In the Stable Roommates Problem (SR), a set of $2n$ agents rank one another in a linear order. The goal is to find a matching that is stable, one that has no pair of agents who mutually prefer each other over their assigned partners. We consider the problem of finding an {\it optimal} stable matching. Agents associate weights with each of their potential partners, and the goal is to find a stable matching that minimizes the sum of the associated weights. Efficient algorithms exist for finding optimal stable marriages in the Stable Marriage Problem (SM), but the problem is NP-hard for general SR instances. In this paper, we define a notion of structural distance between SR instances and SM instances, which we call the \emph{minimum crossing distance}. When an SR instance has minimum crossing distance $0$, the instance is structurally equivalent to an SM instance, and this structure can be exploited to find optimal stable matchings efficiently. More generally, we show that for an SR instance with minimum crossing distance $k$, optimal stable matchings can be computed in time $2^{O(k)} n^{O(1)}$. Thus, the optimal stable matching problem is fixed parameter tractable (FPT) with respect to minimum crossing distance.

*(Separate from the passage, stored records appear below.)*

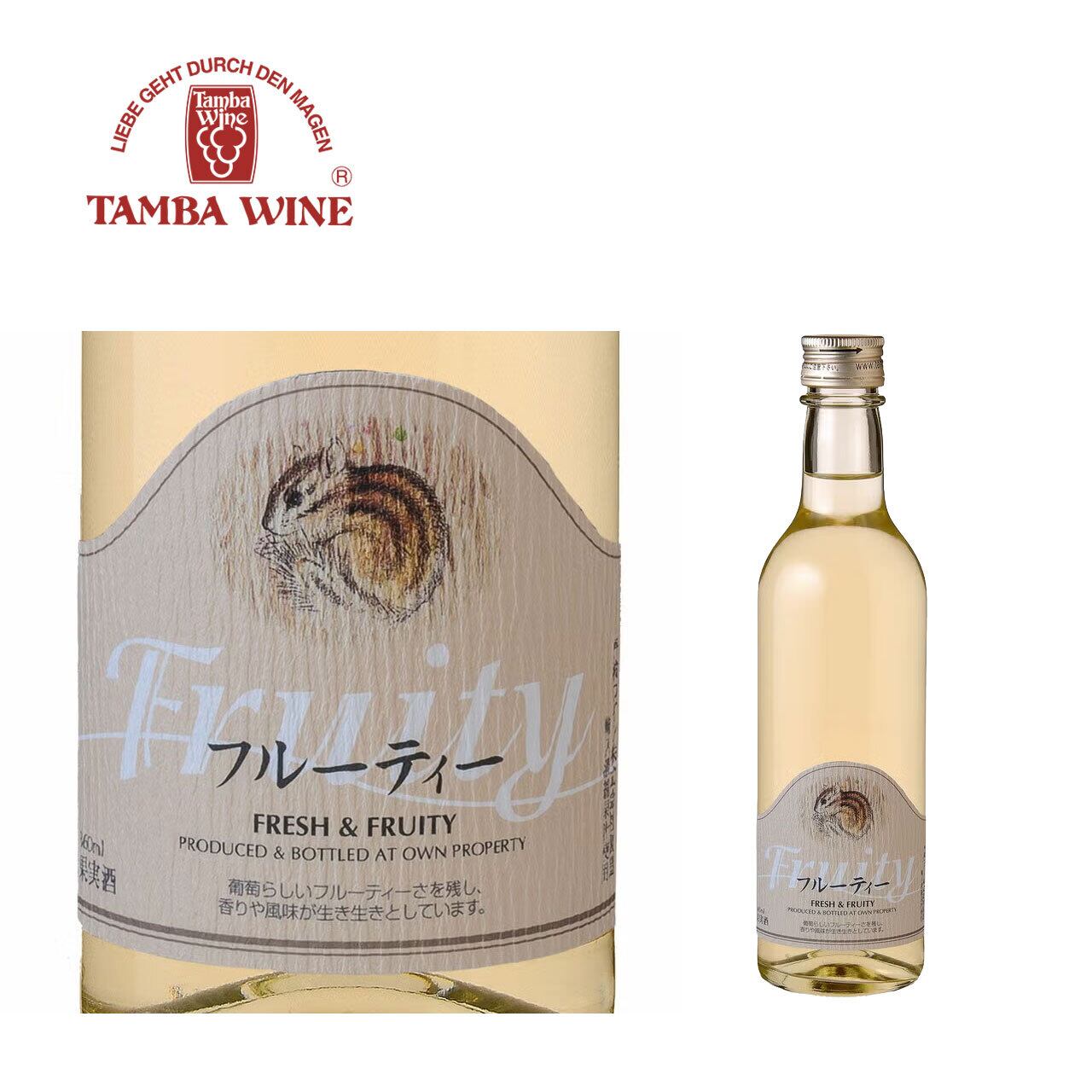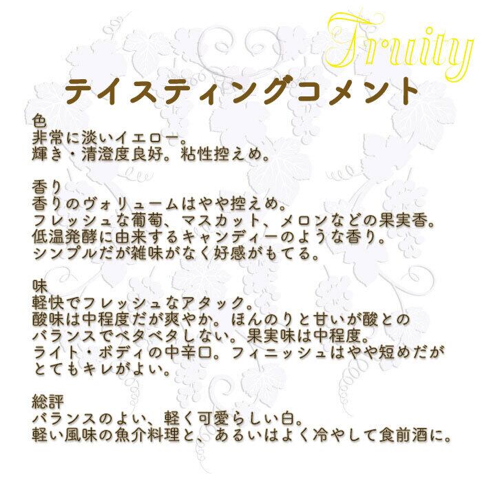 葡萄の新鮮なフルーティーさを十分に残し、気軽に楽しめる白ワインです。低温発酵させることにより、フレッシュな香りが特徴です。表ラベルのリスのイラストは、京都在住の日本画家、竹内浩一氏によるものです。
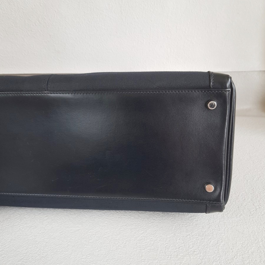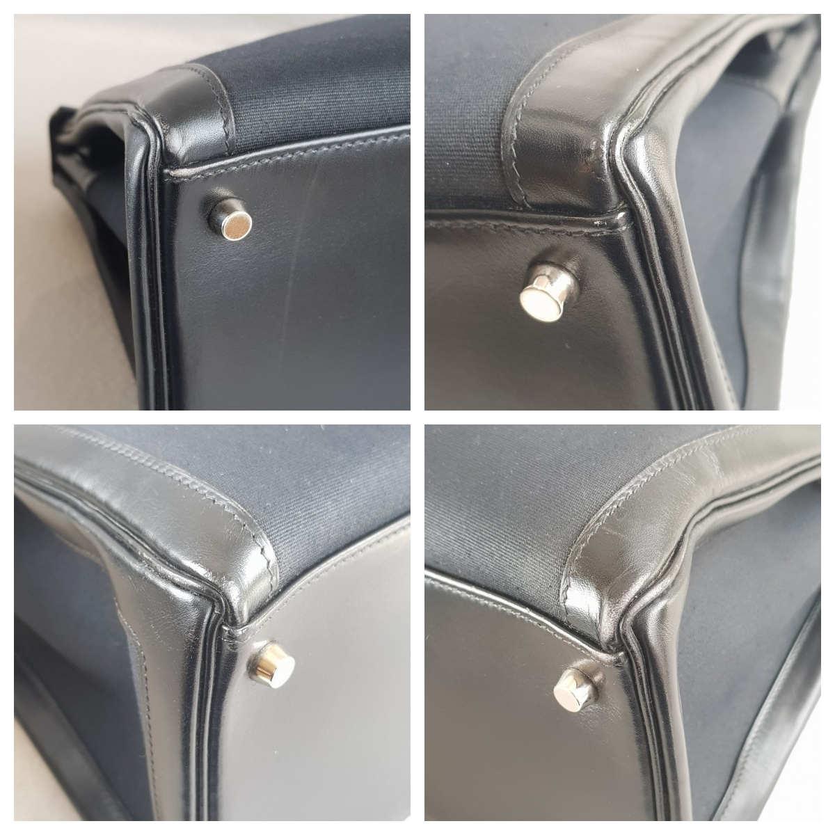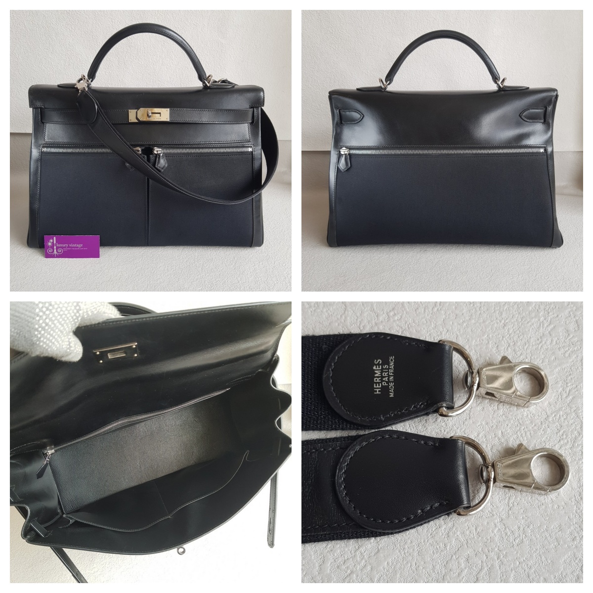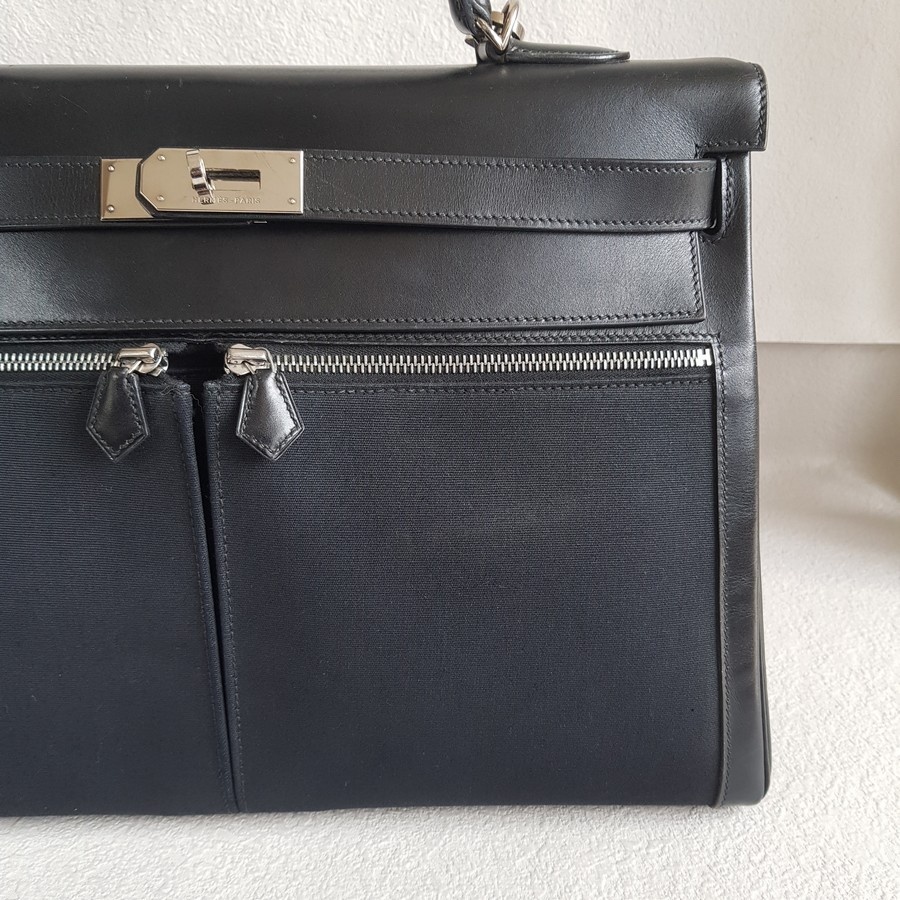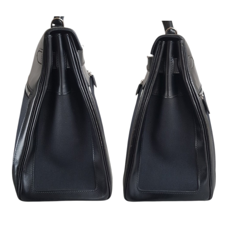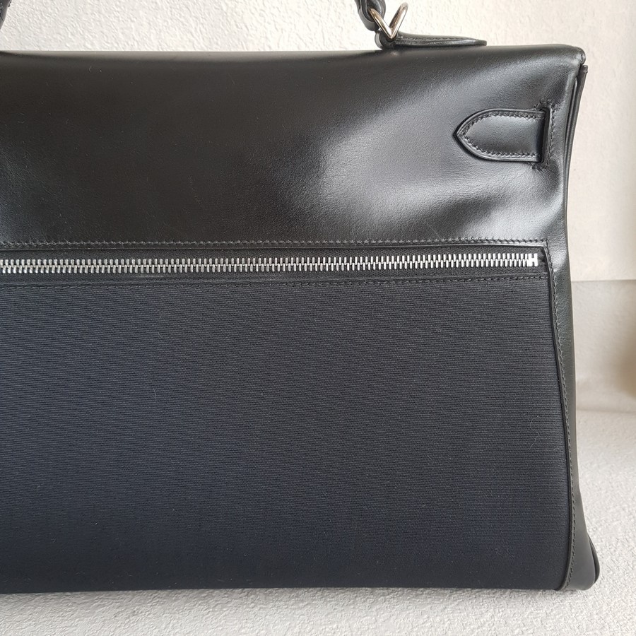 Hermes Kelly Lakis 40CM Black Box Leather With Canvas and Palladium Hardware Bag #ROKT-3
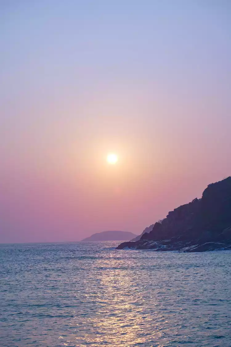 Looking out at the sea from afar, a neon sunset hangs above the sea. The sky is filled with red clouds, and pink, orange and light purple blend into each other. There is a kind of beauty that makes people want to speak but stop, and romance comes uninvited.
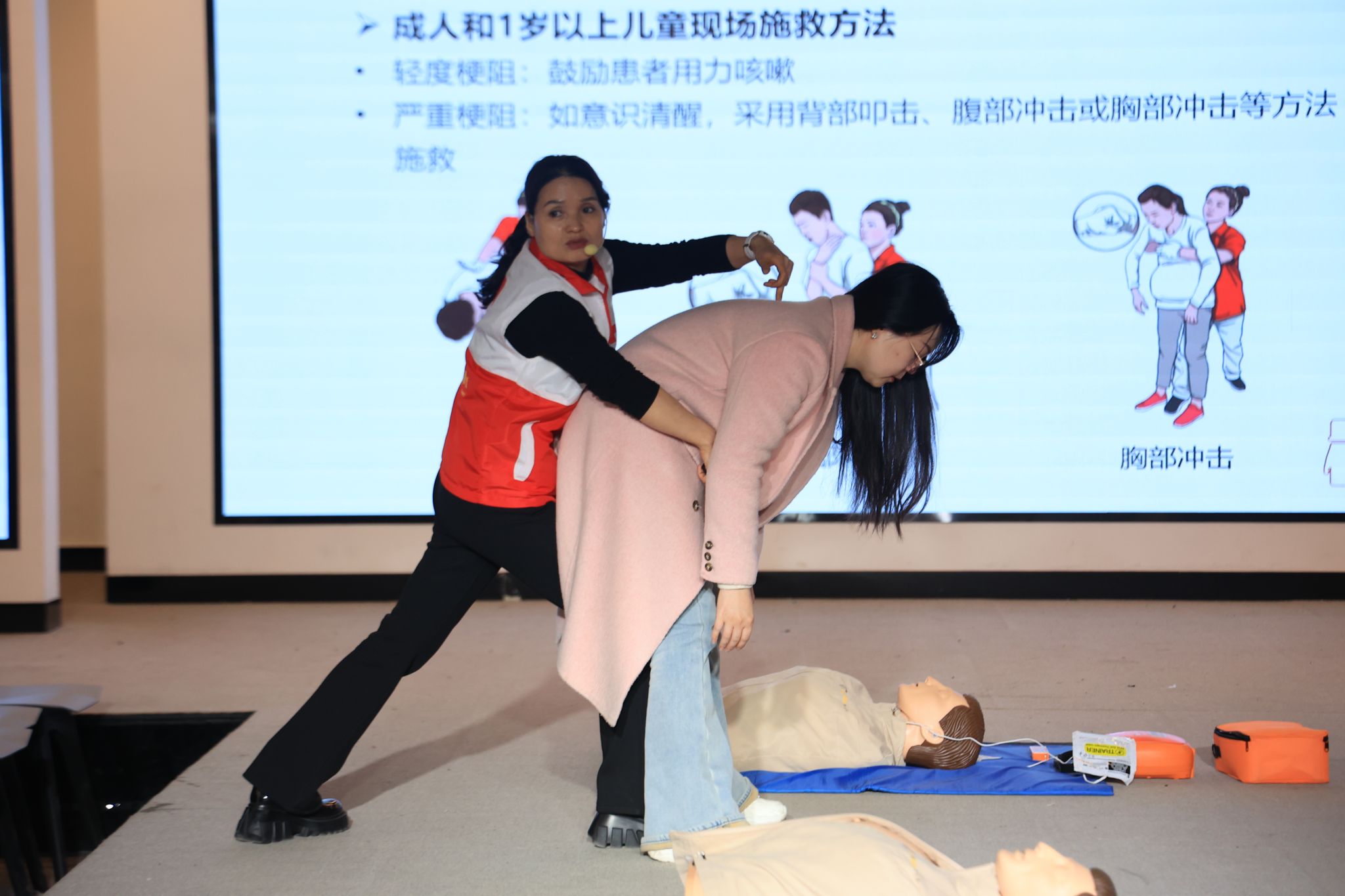 本次培训紧扣女教职工工作生活实际,讲师围绕心肺复苏核心知识,结合女性在家庭、校园的常见急救场景,重点讲解胸外按压、开放气道、人工呼吸及气道异物梗阻施救等关键技能,细致剖析操作中的生理特点与注意事项,传递“敢于施救、科学施救”的理念。
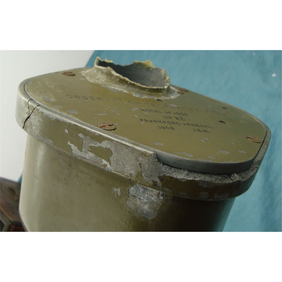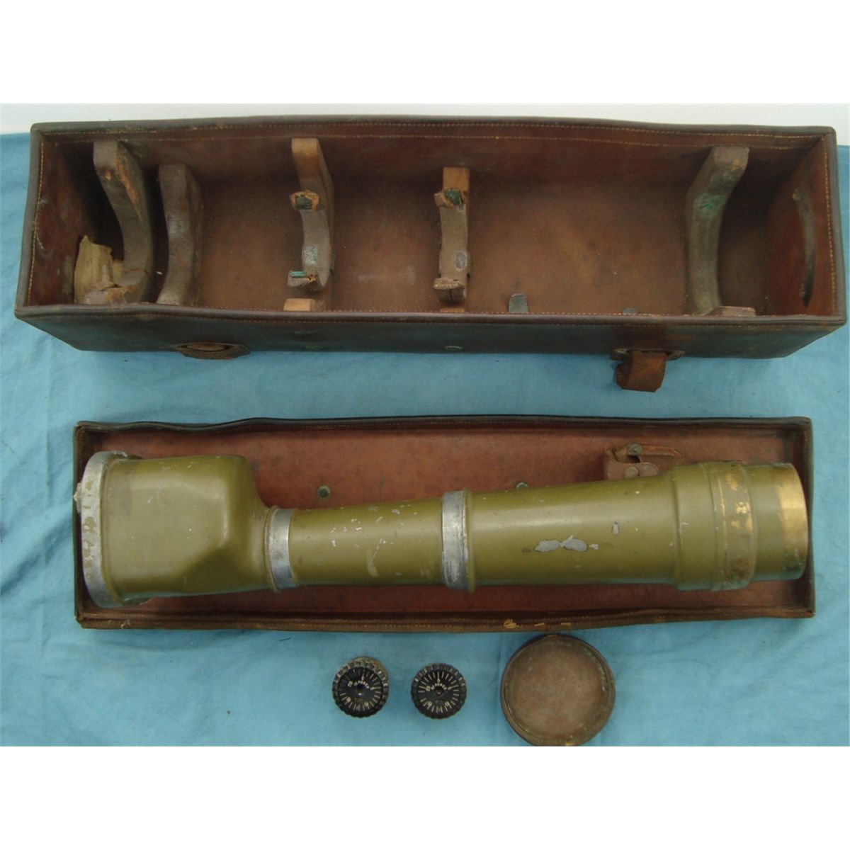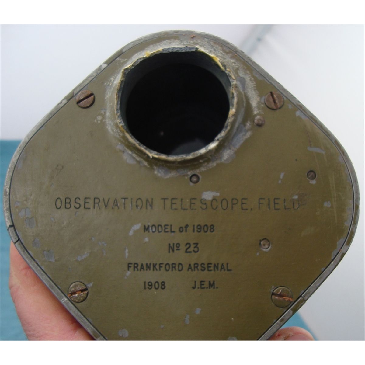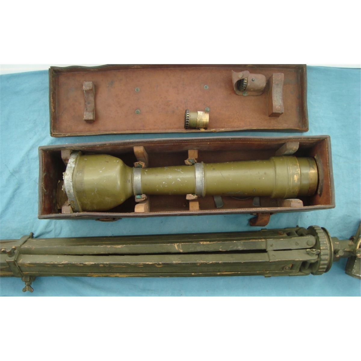 marked "Model of 1908 NO 23 Frankfurt Arsinal 1908 JEM". In original leather case w/the original Frankfurt Arsinal marked tri-pod. The scopes eye peice mase of cast is broken off as well as some cracks & breaks on the overall housing. Comes w/15 & 30 power eyepeice, original carry case & leather lens cover all of which are in good overall condition. An early US field piece which would make a nice disply & worthy of restoration.

翻译：在稳定室友问题（SR）中，一组 $2n$ 个代理按线性顺序相互排名，目标是找到一个不存在相互偏好对方胜过当前伴侣的配对对的稳定匹配。我们考虑寻找{\it最优}稳定匹配的问题：代理为其每个潜在伴侣赋予权重，目标是最小化所有权重之和的稳定匹配。稳定婚姻问题（SM）中已存在寻找最优稳定婚姻的高效算法，但一般SR实例下的该问题是NP难的。本文定义了SR实例与SM实例之间的结构距离概念，称为\emph{最小交叉距离}。当SR实例的最小交叉距离为$0$时，该实例在结构上等价于SM实例，且可利用此结构高效求解最优稳定匹配。更一般地，我们证明：对于最小交叉距离为$k$的SR实例，可在$2^{O(k)} n^{O(1)}$时间内计算出最优稳定匹配。因此，最优稳定匹配问题相对于最小交叉距离是固定参数可解的（FPT）。